Using tougher cuts of meat and slowly roasting them to perfection with lots of vegetables, spices, and wine produces a wonderful taste treat. The Motley Monk has replicated the cook's osso buco on many occasions, but veal shanks are getting to be prohibitively expensive for what's supposed to be a Depression-era type of dinner.
However, the local grocery store oftentimes has a cut of meat (and bones) that fits the bill for a Depression-era type dinner: braised beef shanks. The six beef shanks pictured below set The Motley Monk back about $8 dollars.
For this recipe, all The Motley Monk had to purchase were the beef shanks and mushrooms. Otherwise, all the other ingredients were "in stock" at HIH II. For example, the carrots, celery, leeks, and dried prunes came straight out of the refrigerator.
The first step in this recipe is to dust the shanks with the spice mixture so that it coats the shanks.

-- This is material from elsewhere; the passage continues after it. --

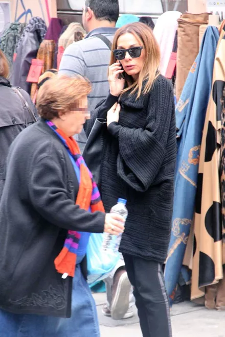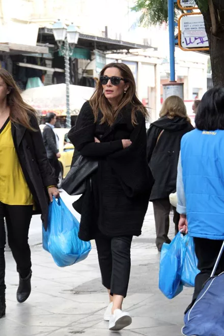 Ο φωτογραφικός φακός, απαθανάτισε την Δέσποινα Βανδή στο κέντρο της Αθήνας και συγκεκριμένα στο Μοναστηράκι να κάνει τη βόλτα της για ψώνια.

Then, the shanks must be browned. Here, The Motley Monk used some rendered bacon fat (saved in the freezer from the last time The Motley Monk made bacon bits) and olive oil in a Dutch oven. Make sure the heat is medium high so that the beef shanks brown well. Also, use a wooden spoon to press down on the shanks as they brown so they remain "flat" rather than "bubble up."
After the shanks are well-browned, it's time to "sweat" the vegetables in a little more bacon fat and olive oil. As the vegetables sweat, make sure to scrape up any burned pieces of the spice mixture adhering to the bottom of the pot. These add incredible flavor to the dish.

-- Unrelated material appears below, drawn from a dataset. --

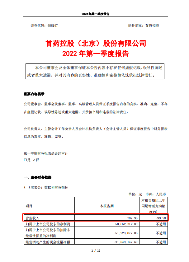 近日,上市企业首药控股(688197.SH,首药控股(北京)股份有限公司)最新披露的一季度财报中显示,公司营收仅有707.96元,同比下降99.98%,净利润亏损5066.23万元。该消息一出不胫而走,引来各路吃瓜群众围观,更有网友戏谑:“还没有我的工资高。”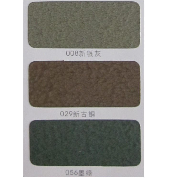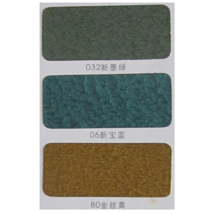 常规单组份锤纹漆的颜色品种有:新草绿单组份锤纹漆,新军绿单组份锤纹漆,新浅绿单组份锤纹漆,新翠绿单组份锤纹漆,新湖绿单组份锤纹漆,新嫩绿单组份锤纹漆,新橄绿单组份锤纹漆,新墨绿单组份锤纹漆,浅蓝单组份锤纹漆,蓝色单组份锤纹漆,新宝蓝单组份锤纹漆。颜色可调。

It's all down hill after that. Return the beef shanks to the Dutch oven. Add beef broth to cover everything. Give the ingredients a good stir, bring to a simmer, and cover. Place the covered Dutch oven into the oven, preheated to 325°.

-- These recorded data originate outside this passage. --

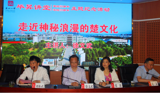 5月5日晚7点,英山一中一楼的报告厅灯火通明、座无虚席。公司文公司教授、硕士生导师、best365英国体育在线荆楚文化研究中心主任徐文武以《走近神秘浪漫的楚文化》为题,为英山一中的300余名师生作的精彩的报告。英山一中党委书记、董事长刘振武,党委委员、高二年级主任范文,语文和历史学科教师以及高二年级部分员工聆听了讲座。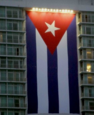 Bandera Cubana desplegada en el Hotel Habana Libre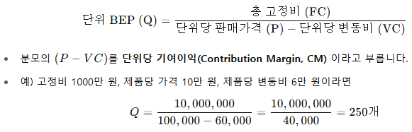 수량 BEP = FC / CM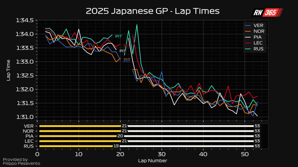 However, without his metronomic consistency to equal Norris' pace, victory would not have been possible. In avoiding significant peaks, Verstappen put together a sustainable roadmap to the win across the race's duration, which is best shown in the race pace data.

After one hour, remove the Dutch oven and give everything a stir. Add more broth if the original broth is evaporating too fast to cook down into a gravy. Adjust the seasonings as may be necessary. Return the Dutch oven to the oven for another hour.
After another hour (a total of 2 hours), remove the Dutch oven and give everything a stir. The gravy should be nice and thick. If it isn't, thicken with either a quick roux (flour/butter compressed together with the fingertips) or a flour/water mixture (best way: shake in a covered jar).
In this preparation, The Motley Monk sweated the vegetables before roasting. In the recipe below, The Motley Monk doesn't sweat the vegetables before roasting. In the end, there's no discernable difference in the product. The point is: a recipe provides guidelines not a straightjacket. Be inventive and have no fear!
There also are many ways to serve braised beef shanks. The Motley Monk likes to serve this dish with mashed potatoes (regular mashed potatoes except don't add milk; instead, add chunk applesauce), risotto, or polenta...accompanied by a robust Malbec.
This is a very good Depression-era braised beef shanks.